_Problem details_: Transcribe these records exactly, dropping every picture.

_Data for this task_:

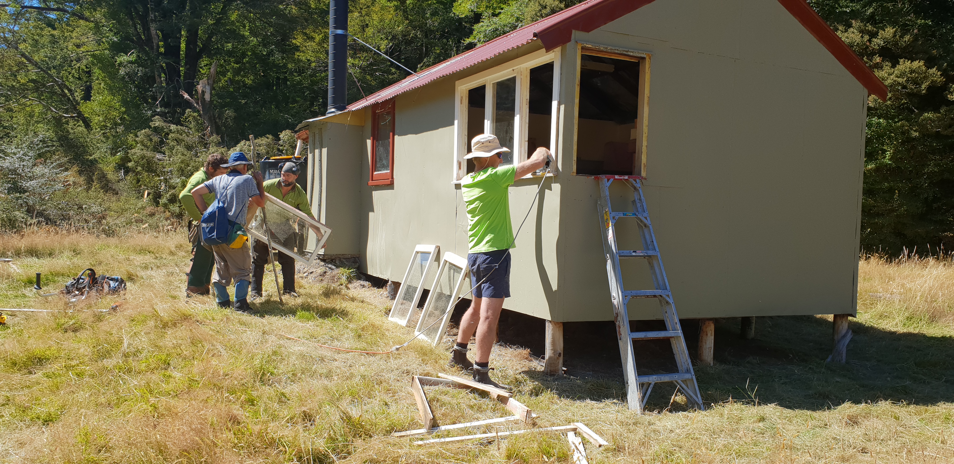 The project, which will see four huts renovated by year’s end, started in March with Three Mile Stream Hut and Top Hope Hut in Canterbury’s Lake Sumner Forest Park.
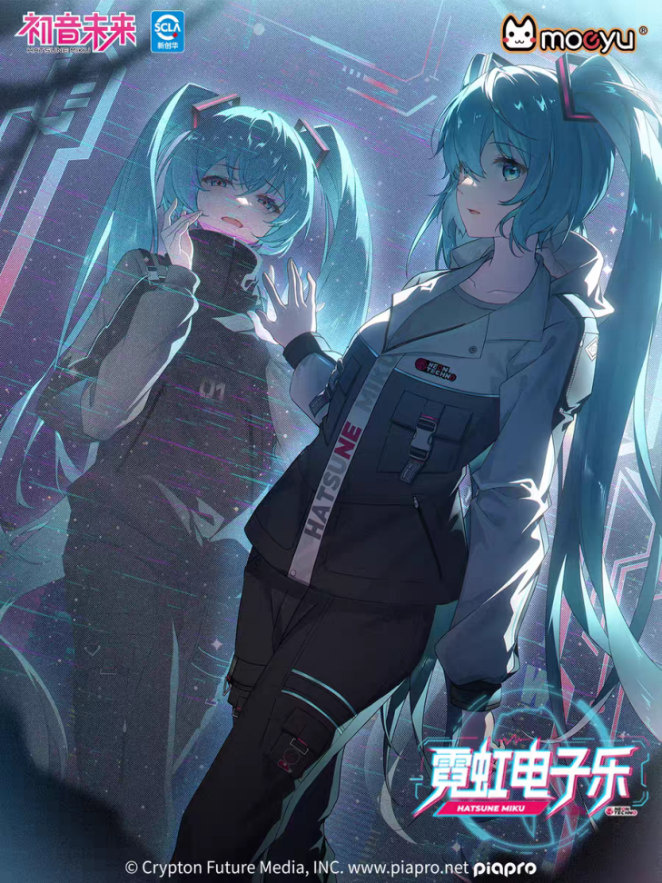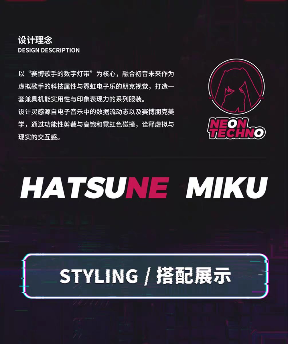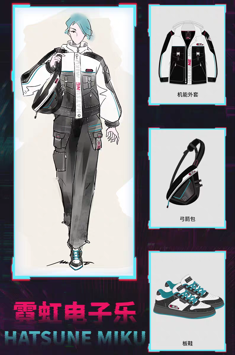 包身印有「霓虹電子樂」主題圖案與 Miku 相關編號元素。
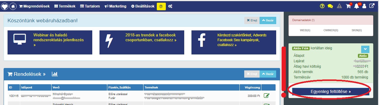 A webáruház indításához minimum az 1. havi díjat kell befizetni, ennyit kell az egyenlegre feltölteni.
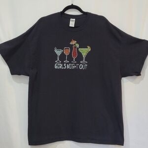 Girls Night Out Cocktail Graphic Blinged Out Short Sleeve Tee Shirt - Size 2XL
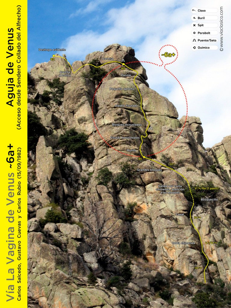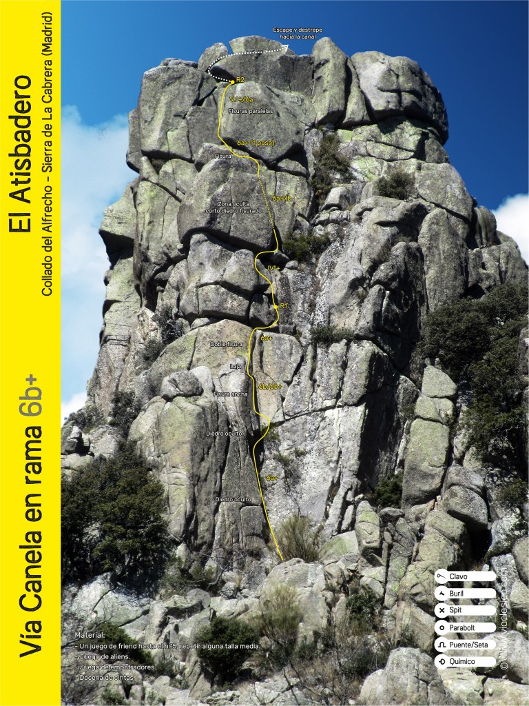 Es conveniente duplicar tallas medianas y portar un #5 de Camalot, la primera reunión se puede montar unos metros más arriba de la marcada en la reseña (la R1 da pocas opciones si no tenemos los números apropiados).

_Response to the task_:
 The project, which will see four huts renovated by year’s end, started in March with Three Mile Stream Hut and Top Hope Hut in Canterbury’s Lake Sumner Forest Park.
 包身印有「霓虹電子樂」主題圖案與 Miku 相關編號元素。
 A webáruház indításához minimum az 1. havi díjat kell befizetni, ennyit kell az egyenlegre feltölteni.
 Girls Night Out Cocktail Graphic Blinged Out Short Sleeve Tee Shirt - Size 2XL
 Es conveniente duplicar tallas medianas y portar un #5 de Camalot, la primera reunión se puede montar unos metros más arriba de la marcada en la reseña (la R1 da pocas opciones si no tenemos los números apropiados).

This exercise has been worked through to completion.